Stored items:
# # # # #

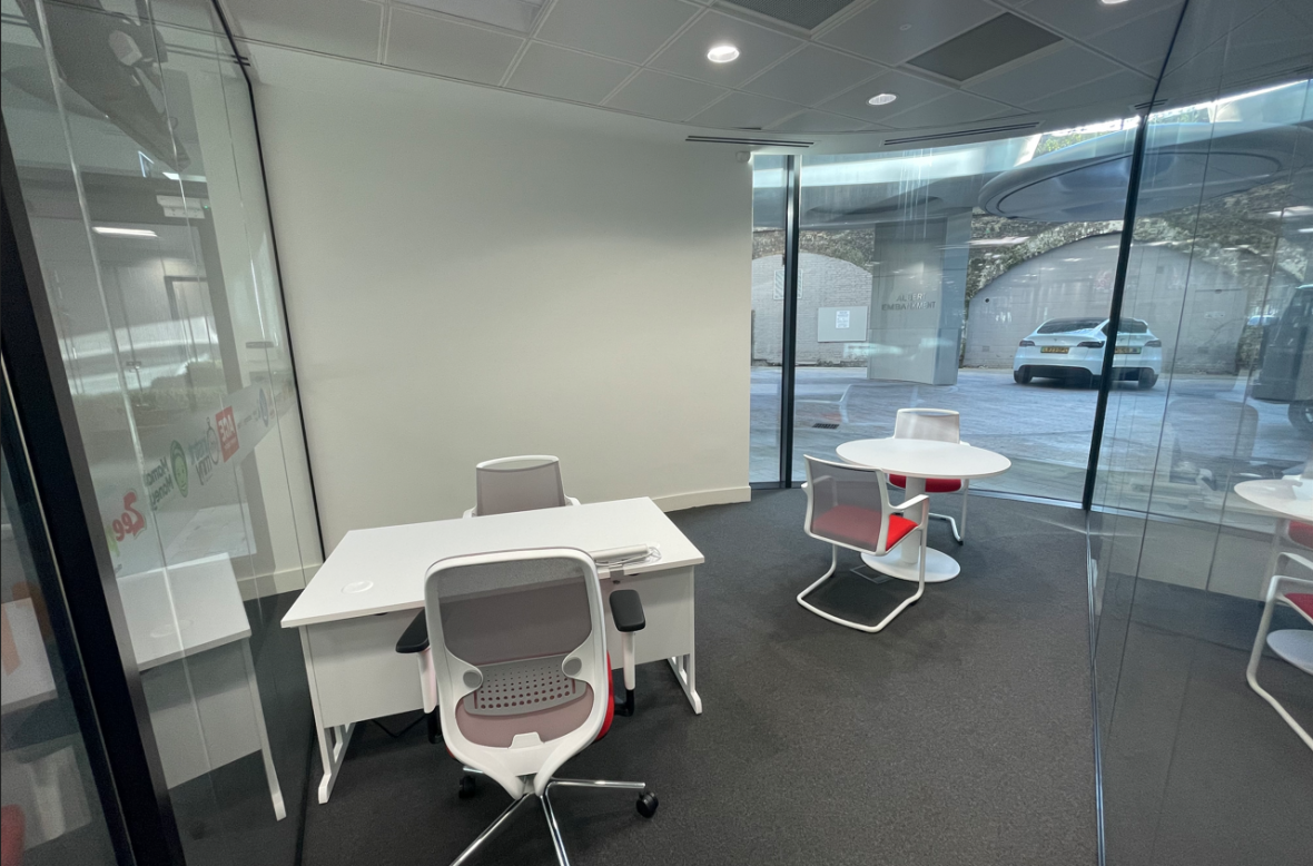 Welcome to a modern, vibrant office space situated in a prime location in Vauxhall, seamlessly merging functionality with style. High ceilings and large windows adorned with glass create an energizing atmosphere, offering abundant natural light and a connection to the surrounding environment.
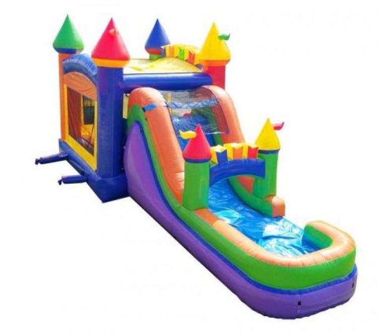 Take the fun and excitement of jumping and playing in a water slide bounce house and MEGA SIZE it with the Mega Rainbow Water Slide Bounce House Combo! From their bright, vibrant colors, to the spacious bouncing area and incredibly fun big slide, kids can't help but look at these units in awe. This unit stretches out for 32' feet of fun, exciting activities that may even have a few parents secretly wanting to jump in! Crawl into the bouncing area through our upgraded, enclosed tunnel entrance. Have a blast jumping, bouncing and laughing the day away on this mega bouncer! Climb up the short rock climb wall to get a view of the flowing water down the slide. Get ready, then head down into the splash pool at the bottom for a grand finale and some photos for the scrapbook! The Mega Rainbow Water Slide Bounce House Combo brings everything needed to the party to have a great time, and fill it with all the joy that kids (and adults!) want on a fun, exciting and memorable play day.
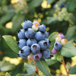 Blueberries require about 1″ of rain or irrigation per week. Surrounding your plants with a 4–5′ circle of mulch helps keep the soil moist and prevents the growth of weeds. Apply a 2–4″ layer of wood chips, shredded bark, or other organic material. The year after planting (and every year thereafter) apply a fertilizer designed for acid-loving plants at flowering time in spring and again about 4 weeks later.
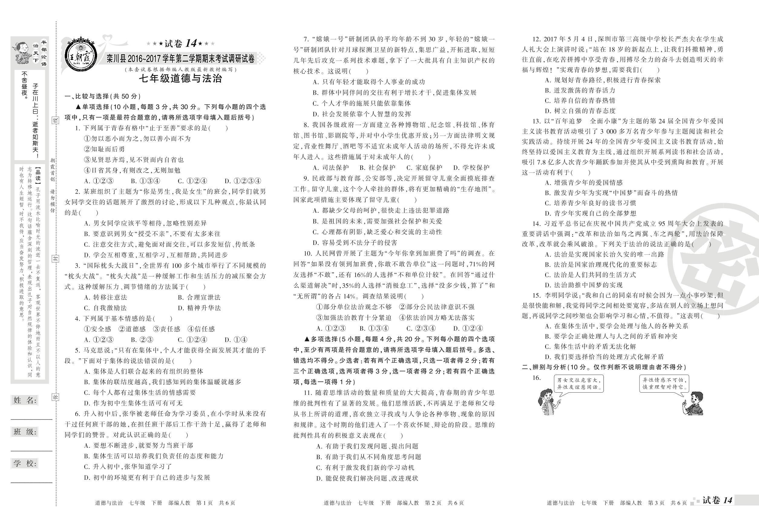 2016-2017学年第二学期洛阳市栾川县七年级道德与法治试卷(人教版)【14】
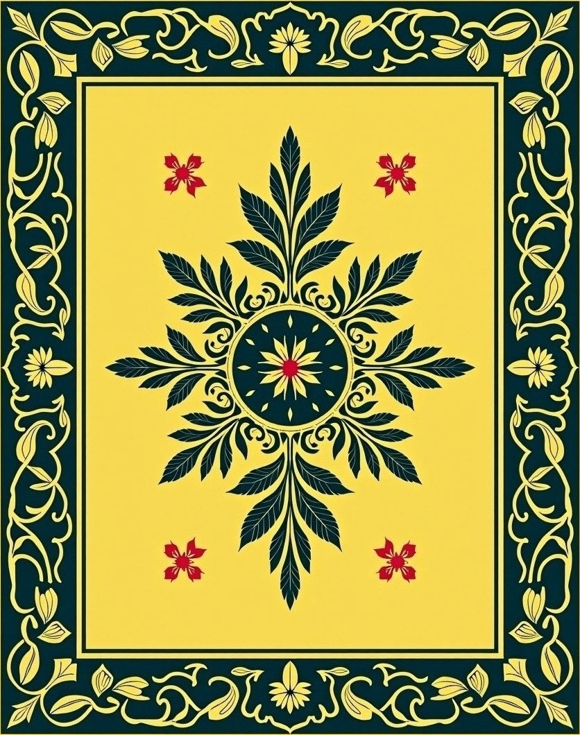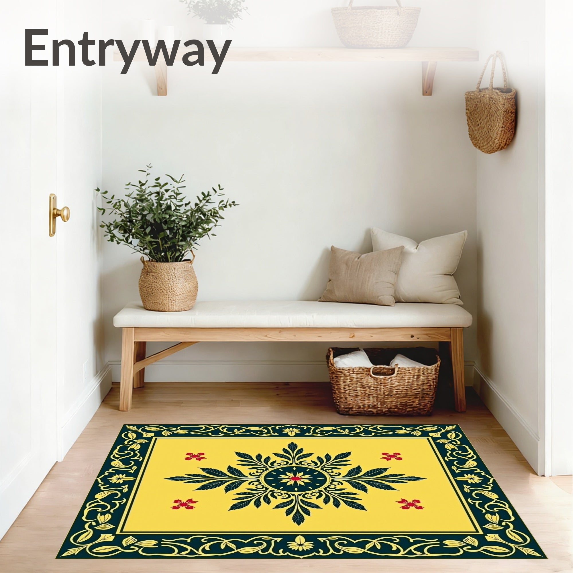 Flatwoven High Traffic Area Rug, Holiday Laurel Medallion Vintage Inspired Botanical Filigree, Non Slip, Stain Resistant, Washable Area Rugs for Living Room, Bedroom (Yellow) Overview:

# # # # #

Only the lines from the beginning of the records through the line bearing "Take the fun" belong in the answer, copied word for word with pictures left out.

 Welcome to a modern, vibrant office space situated in a prime location in Vauxhall, seamlessly merging functionality with style. High ceilings and large windows adorned with glass create an energizing atmosphere, offering abundant natural light and a connection to the surrounding environment.
 Take the fun and excitement of jumping and playing in a water slide bounce house and MEGA SIZE it with the Mega Rainbow Water Slide Bounce House Combo! From their bright, vibrant colors, to the spacious bouncing area and incredibly fun big slide, kids can't help but look at these units in awe. This unit stretches out for 32' feet of fun, exciting activities that may even have a few parents secretly wanting to jump in! Crawl into the bouncing area through our upgraded, enclosed tunnel entrance. Have a blast jumping, bouncing and laughing the day away on this mega bouncer! Climb up the short rock climb wall to get a view of the flowing water down the slide. Get ready, then head down into the splash pool at the bottom for a grand finale and some photos for the scrapbook! The Mega Rainbow Water Slide Bounce House Combo brings everything needed to the party to have a great time, and fill it with all the joy that kids (and adults!) want on a fun, exciting and memorable play day.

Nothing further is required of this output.